**Dataset entries**
^^^^^^^^

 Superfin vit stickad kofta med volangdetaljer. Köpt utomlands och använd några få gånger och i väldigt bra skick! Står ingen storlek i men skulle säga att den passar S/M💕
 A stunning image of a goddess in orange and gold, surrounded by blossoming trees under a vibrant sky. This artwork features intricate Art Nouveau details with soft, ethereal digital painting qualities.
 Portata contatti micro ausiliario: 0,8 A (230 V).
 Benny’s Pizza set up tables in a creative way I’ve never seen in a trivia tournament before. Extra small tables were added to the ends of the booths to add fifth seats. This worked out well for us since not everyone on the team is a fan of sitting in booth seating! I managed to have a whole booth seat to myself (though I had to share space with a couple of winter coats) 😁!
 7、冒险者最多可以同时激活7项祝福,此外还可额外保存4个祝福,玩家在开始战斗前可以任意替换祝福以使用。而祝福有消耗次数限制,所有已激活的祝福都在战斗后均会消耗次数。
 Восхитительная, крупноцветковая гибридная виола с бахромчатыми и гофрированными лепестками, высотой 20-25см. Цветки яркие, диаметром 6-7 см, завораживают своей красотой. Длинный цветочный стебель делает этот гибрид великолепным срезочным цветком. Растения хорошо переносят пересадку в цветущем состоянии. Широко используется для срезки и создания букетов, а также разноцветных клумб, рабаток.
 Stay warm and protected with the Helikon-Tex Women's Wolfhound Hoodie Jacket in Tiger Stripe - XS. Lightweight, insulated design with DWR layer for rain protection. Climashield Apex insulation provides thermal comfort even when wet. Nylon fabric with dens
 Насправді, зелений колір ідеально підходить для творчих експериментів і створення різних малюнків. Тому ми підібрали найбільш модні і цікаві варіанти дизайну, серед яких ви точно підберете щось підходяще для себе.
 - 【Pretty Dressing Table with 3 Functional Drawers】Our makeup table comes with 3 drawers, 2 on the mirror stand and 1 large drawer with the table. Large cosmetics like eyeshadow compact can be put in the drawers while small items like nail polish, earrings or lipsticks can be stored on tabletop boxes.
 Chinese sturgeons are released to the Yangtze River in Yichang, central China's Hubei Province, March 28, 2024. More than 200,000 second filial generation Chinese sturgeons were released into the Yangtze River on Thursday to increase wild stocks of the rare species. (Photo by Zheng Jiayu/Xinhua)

^^^^^^^^

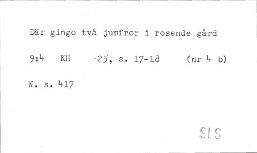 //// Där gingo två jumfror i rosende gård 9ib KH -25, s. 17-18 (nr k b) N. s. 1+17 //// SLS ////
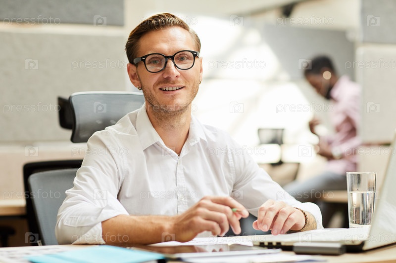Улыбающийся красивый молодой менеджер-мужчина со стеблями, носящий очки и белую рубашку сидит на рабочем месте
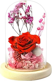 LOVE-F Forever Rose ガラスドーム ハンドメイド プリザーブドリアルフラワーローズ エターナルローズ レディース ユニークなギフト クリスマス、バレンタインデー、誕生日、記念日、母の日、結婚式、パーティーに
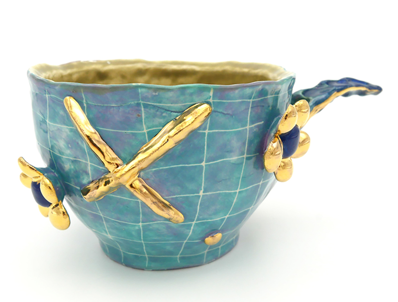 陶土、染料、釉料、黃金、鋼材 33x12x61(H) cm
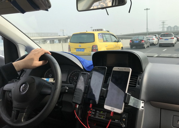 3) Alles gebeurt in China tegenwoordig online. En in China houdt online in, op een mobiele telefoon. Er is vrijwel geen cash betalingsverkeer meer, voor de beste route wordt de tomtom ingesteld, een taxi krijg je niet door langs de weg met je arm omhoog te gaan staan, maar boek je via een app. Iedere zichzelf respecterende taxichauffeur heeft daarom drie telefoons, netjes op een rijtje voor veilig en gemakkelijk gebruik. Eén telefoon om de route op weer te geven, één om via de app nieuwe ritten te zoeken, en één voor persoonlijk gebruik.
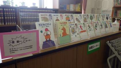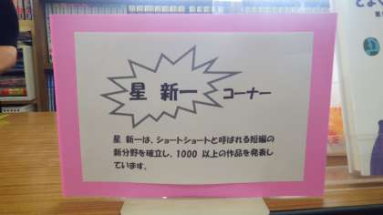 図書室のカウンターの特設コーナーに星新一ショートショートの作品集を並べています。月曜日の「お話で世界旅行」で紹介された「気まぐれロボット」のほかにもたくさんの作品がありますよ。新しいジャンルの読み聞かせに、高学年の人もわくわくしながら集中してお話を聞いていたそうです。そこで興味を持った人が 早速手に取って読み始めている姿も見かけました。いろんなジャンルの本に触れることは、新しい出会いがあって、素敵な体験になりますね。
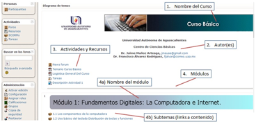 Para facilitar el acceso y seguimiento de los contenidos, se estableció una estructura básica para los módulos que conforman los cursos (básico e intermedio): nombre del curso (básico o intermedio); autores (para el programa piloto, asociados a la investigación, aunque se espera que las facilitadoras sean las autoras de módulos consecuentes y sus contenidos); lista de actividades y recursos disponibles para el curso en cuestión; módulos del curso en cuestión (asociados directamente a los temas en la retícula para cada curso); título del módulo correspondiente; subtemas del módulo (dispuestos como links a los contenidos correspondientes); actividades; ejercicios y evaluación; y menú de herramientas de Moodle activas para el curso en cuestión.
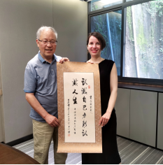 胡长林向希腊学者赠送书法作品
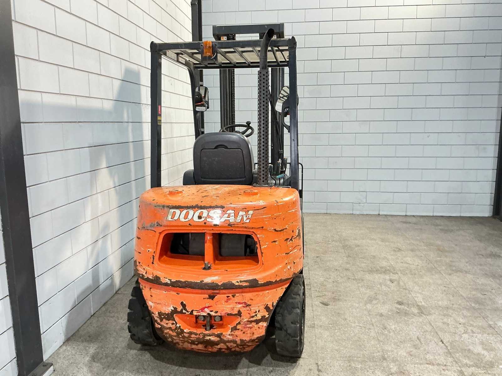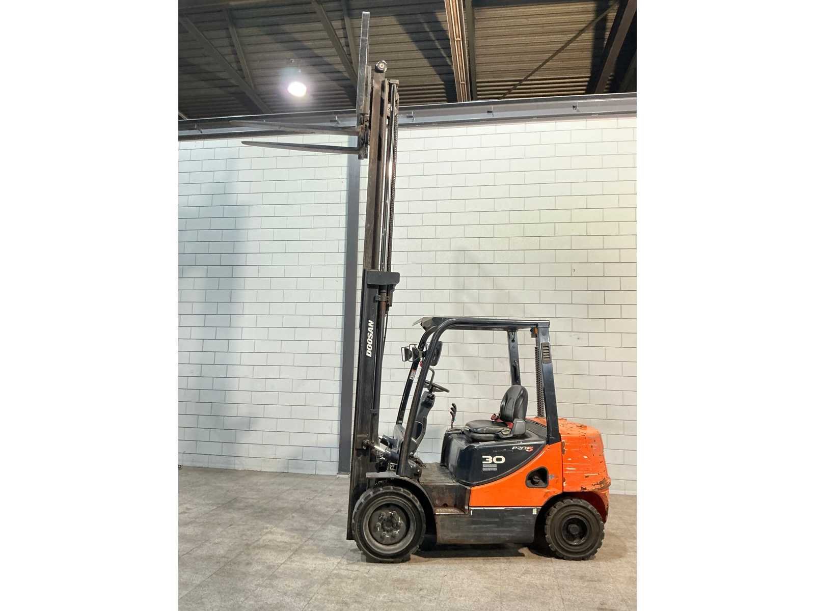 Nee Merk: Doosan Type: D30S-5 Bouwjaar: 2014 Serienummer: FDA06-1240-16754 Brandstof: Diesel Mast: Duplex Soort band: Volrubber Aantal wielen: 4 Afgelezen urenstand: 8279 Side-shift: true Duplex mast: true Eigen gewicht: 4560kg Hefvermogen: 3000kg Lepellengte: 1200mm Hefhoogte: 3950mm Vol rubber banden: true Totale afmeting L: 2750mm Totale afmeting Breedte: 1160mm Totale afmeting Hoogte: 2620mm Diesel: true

^^^^^^^^

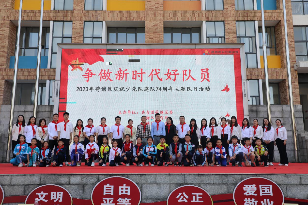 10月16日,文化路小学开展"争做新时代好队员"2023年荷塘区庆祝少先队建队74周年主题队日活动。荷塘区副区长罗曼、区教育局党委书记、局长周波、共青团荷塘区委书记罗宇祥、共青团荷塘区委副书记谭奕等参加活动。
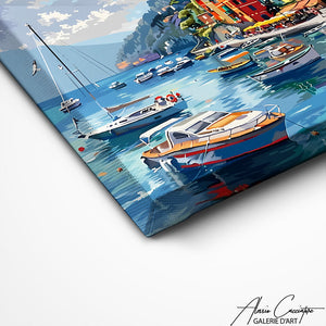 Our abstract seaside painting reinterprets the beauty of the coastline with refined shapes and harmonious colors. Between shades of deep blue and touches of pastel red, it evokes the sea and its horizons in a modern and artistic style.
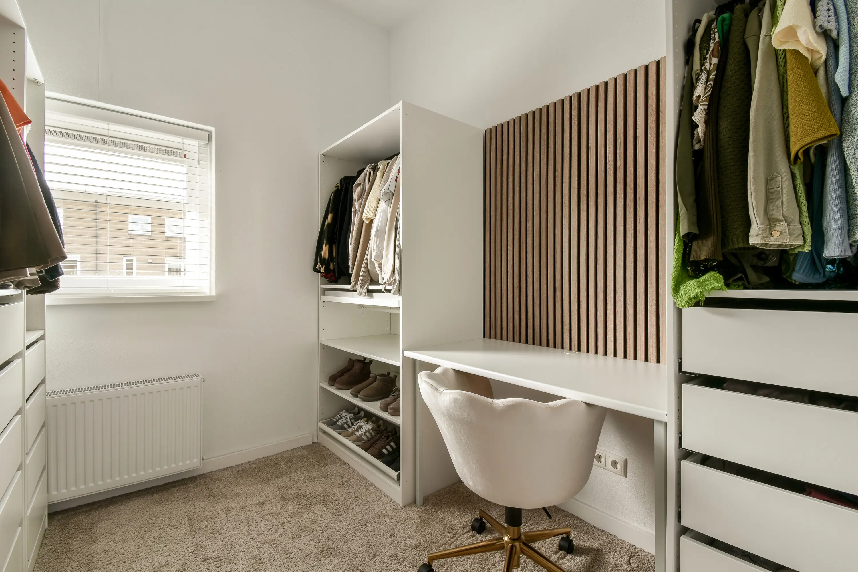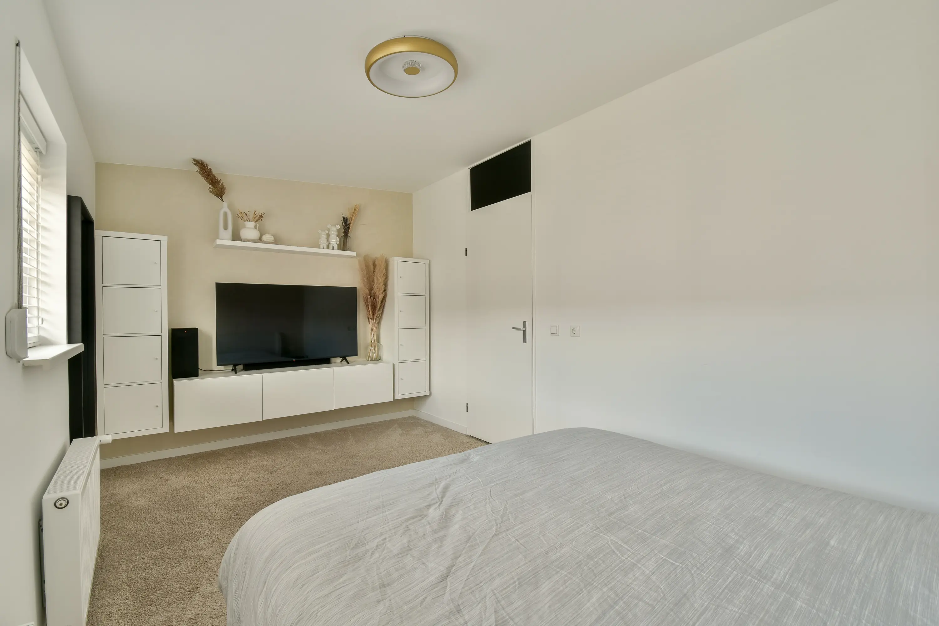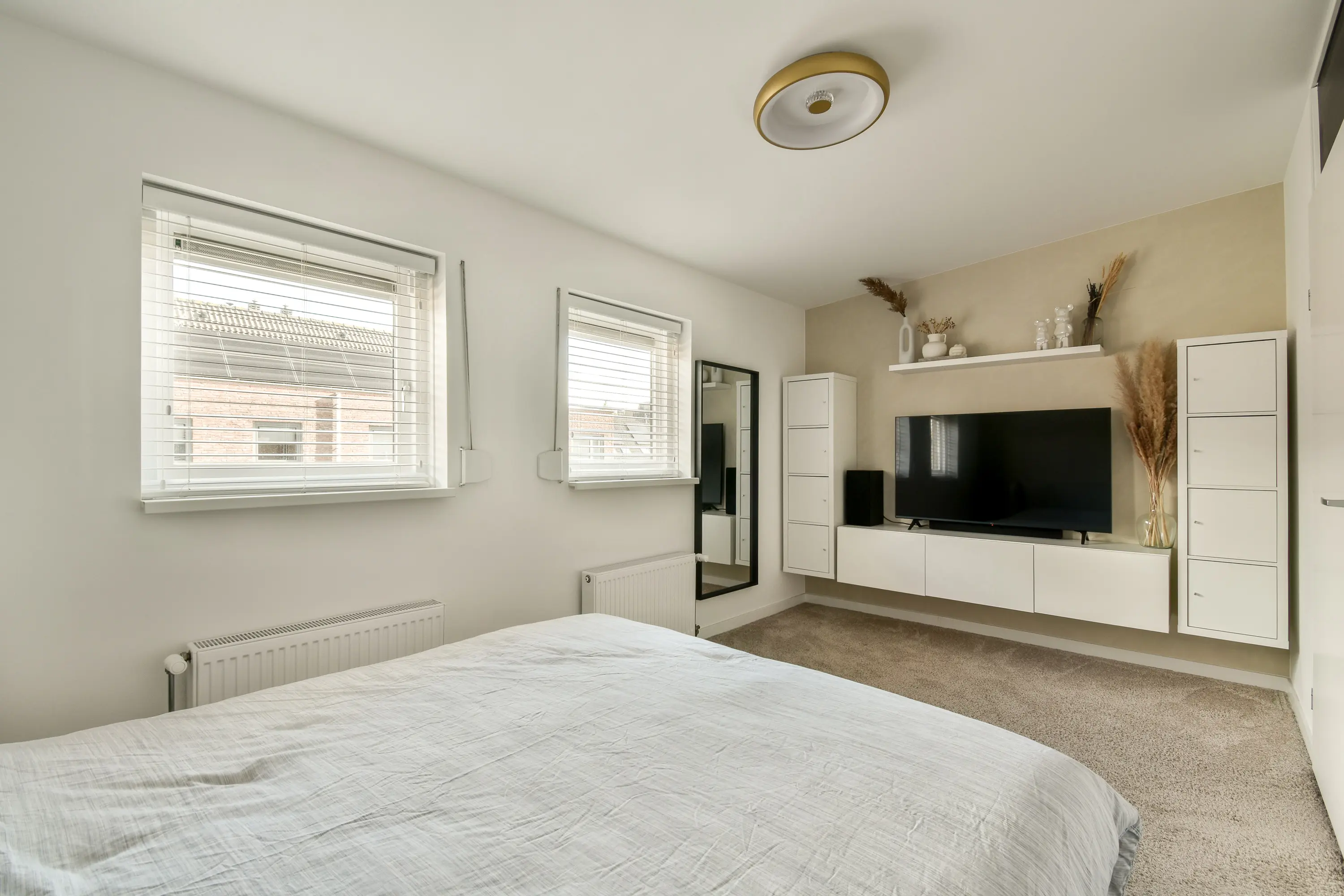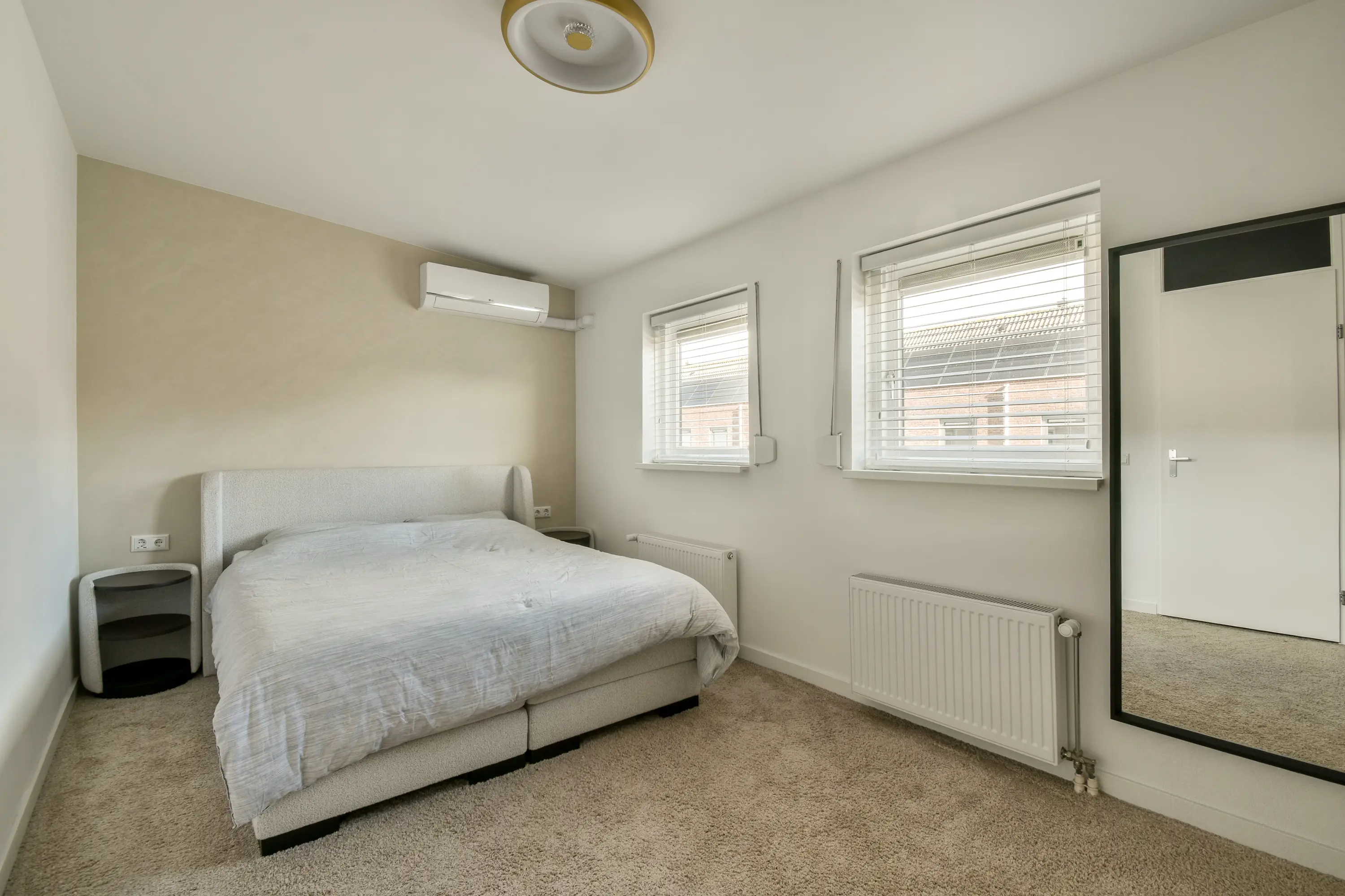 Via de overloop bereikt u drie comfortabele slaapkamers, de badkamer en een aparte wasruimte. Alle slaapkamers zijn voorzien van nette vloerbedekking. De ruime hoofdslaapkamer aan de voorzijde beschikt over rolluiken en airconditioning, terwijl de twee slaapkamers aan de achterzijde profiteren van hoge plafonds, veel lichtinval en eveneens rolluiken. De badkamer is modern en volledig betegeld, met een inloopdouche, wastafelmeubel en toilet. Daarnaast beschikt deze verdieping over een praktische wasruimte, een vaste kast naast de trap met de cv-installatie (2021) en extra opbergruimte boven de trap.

^^^^^^^^

Search the records for the word "small". Copy each line where it appears.

**Written reply**
 Benny’s Pizza set up tables in a creative way I’ve never seen in a trivia tournament before. Extra small tables were added to the ends of the booths to add fifth seats. This worked out well for us since not everyone on the team is a fan of sitting in booth seating! I managed to have a whole booth seat to myself (though I had to share space with a couple of winter coats) 😁!
 - 【Pretty Dressing Table with 3 Functional Drawers】Our makeup table comes with 3 drawers, 2 on the mirror stand and 1 large drawer with the table. Large cosmetics like eyeshadow compact can be put in the drawers while small items like nail polish, earrings or lipsticks can be stored on tabletop boxes.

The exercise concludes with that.